Data in Google Sheets

Objectives

Students will learn how to clean and label data
Students will learn how to use basic Google Sheets tools

Vocabulary

Data Cleaning, n. the process of fixing or removing incorrect, incorrectly formatted, duplicate, or incomplete data within a dataset.
Data Standardization, n. the process of creating standards and transforming data taken from different sources into a consistent format that adheres to the standards.
Consent, n. permission for something to happen or agreement to do something.

Resources

Activity Steps

Play the video titled, “Data in Google Sheets” for 36 seconds. Here is the script for this video
- As a class, pause the video to discuss your answers to the question: “How can we compile information from our Daisy models into one dataset that represents us as a group?”
Play the video titled, “Data in Google Sheets” from 36 seconds -until the end. Here is the script for this video. The script contains the exact steps for the activity
Here are the topics discussed in the video: Standardizing and Cleaning Data (20 minutes)
- In order to take the data from Daisies and put them into a format that can be stored in a dataset, we will use two processes: Data Standardization, and Data Cleaning.
  - Data Standardization is “the process of creating standards and transforming data taken from different sources into a consistent format that adheres to the standards.”(Egnyte). The final dataset will have different identities, which may not all have predefined categories to which they belong. You will need to standardize these identities into “types” of data.
  - Data Cleaning is “the process of fixing or removing incorrect, corrupted, incorrectly formatted, duplicate, or incomplete data within a dataset.” (Tableau). It will be difficult to create data visualizations if you have a column where some words are capital letters and some words are lowercase. For example, you may notice that not everyone in your class has the same columns.
Submit the Column Names-Individual Brainstorm Chart: For each piece of information in your daisy, come up with a category in which that data could be put. You can add other data you’d like to as well, even if not in your Daisies.You can use your Daisy or the model made by Raechel to choose one petal and think about categorizing it for data cleaning purposes.
- One of my petals says that I see myself as an artist. Assuming that others in my group used a similar word - musician, painter, etc. - I could create a data category for this.
  - One way of viewing the category could be “Hobbies”, in which I would put “art”
  - Another way of viewing the category could be “Creative Outlet”, in which I would put “art”
  - It comes down to the shared intentions behind why everyone in your group put down their similar identity
  - You must include these 3 columns: The “Name” column should include your name.
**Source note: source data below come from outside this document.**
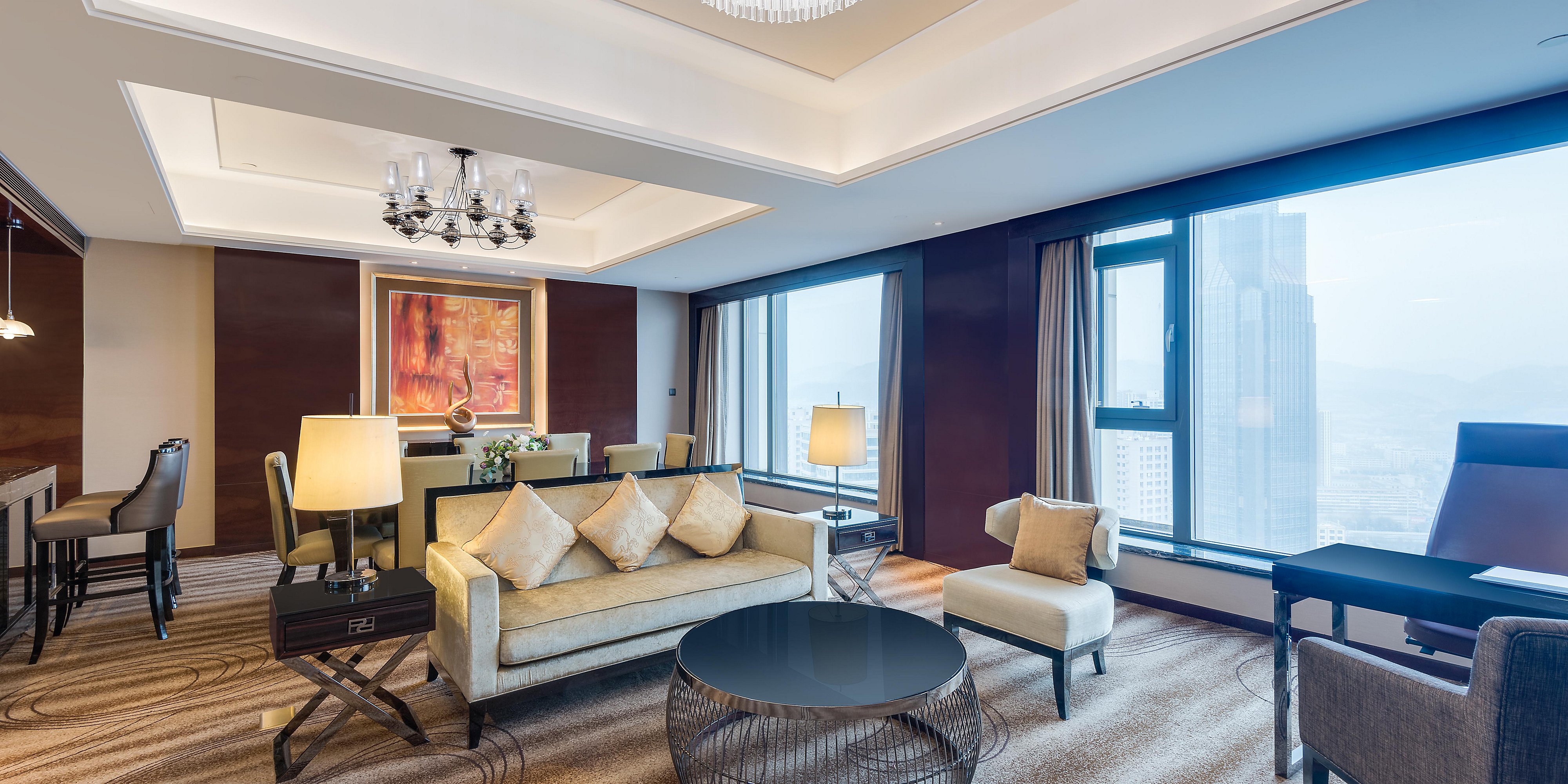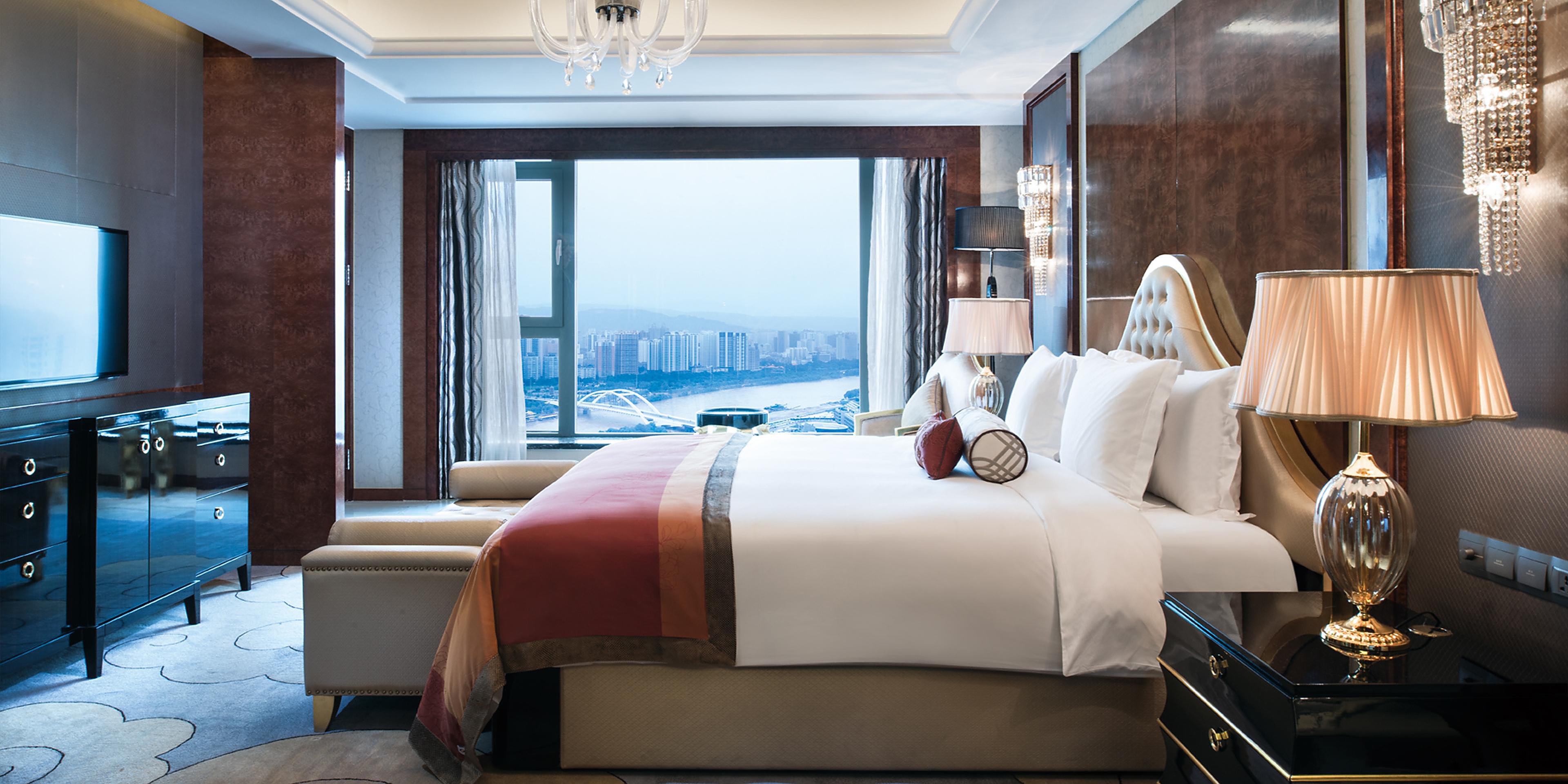 酒店建筑氣勢恢宏、裝飾靈動而秀美,擁有440間舒適與品位兼具的客房及套房,臨窗均可飽覽黃河美景,視野開闊。
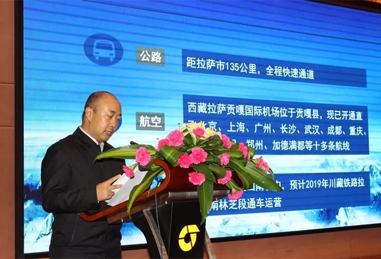 ▲山南市经济合作局副局长马进作招商引资推介路演
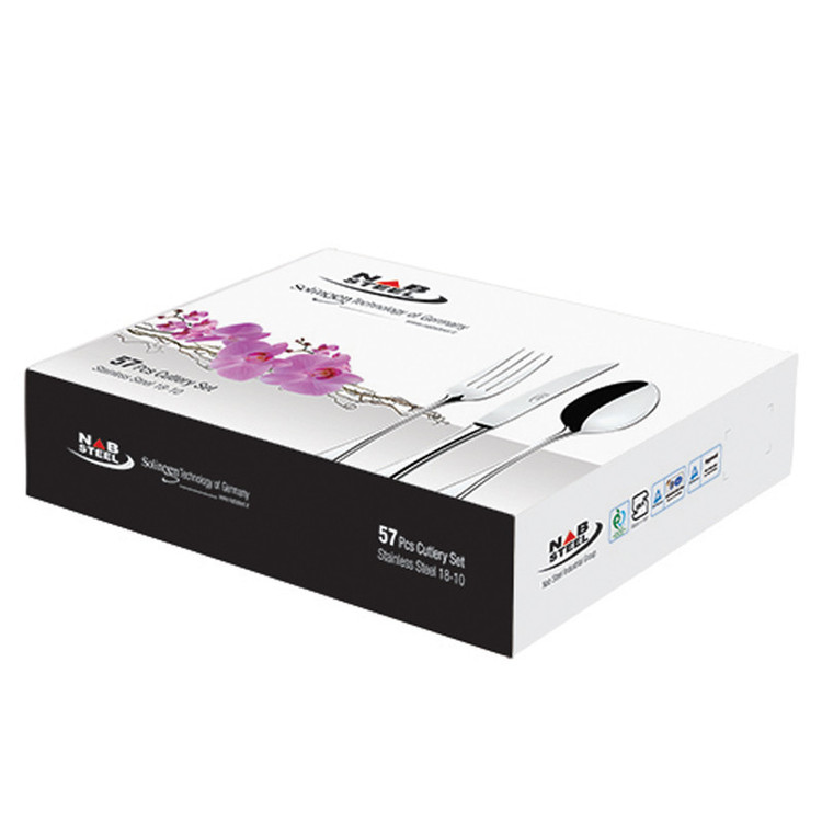 سرویس 57 پارچه ناب استیل مدل فلورانس ساده شامل: 12 عدد قاشق غذا خوری 12 عدد چنگال غذا خوری 6 عدد قاشق چای خوری 6 عدد قاشق شربت خوری 6 عدد قاشق مربا خوری 6 عدد کارد میوه خوری 6 عدد چنگال میوه خوری 2 عدد کفگیر بزرگ 1 عدد ملاقه سوپ

The “Oppression” column should include a form of oppression you experience or might experience based on a certain aspect of your identity. The “Calling” should include whether you have a faith or secular based calling. If you are not sure what your calling is, you can type, “not sure”
  - Once everyone in your group has created their columns, it is important to ensure that all of the column names are in the same format. This includes checking that all column names are spelled correctly and that they are consistent in terms of capitalization and punctuation. Also, none of the column names should have any spaces in between words. Instead, replace all spaces with an underline “_”. The goal is to make sure the data is consistent, accurate and usable for analysis.
Tell students they will practice their standardization and cleaning skills in their small groups of 10 groups.
- Once you have completed the column names and values for each row, now you will work with your small group to create a dataset that combines all of your datasets. Create an empty data set on the white board or a virtual white board and submit a picture of the whiteboard. Take turns telling people what column names you have. Everytime, someone says a new column name, add the column name to the dataset. Your dataset should look like the image below after everyone has added their column names to the dataset. Based on what each person says, consolidate column names where there is overlap or add each other’s columns that you don’t have. Each row should represent a different person. If you do not identify with a column that someone has in their dataset, then still add that column and write FALSE in the cell under that column.
- Now that you’ve drawn your first dataset, it’s time to Create a new workbook in Google Sheets with a name that describes the data you’re about to add. Then, copy your drawn dataset into Google Sheets
- Here are a few steps on how to add data to Google Sheets. First, add column names to the first row. Make it clear which row is the “header row” (you can bold the text or change the background color). Next, input the data into Google Sheets. Ensure that all of you use the same format for the values in each cell. After your group has completed those steps, you are all done. Congratulations! You’ve just created a dataset.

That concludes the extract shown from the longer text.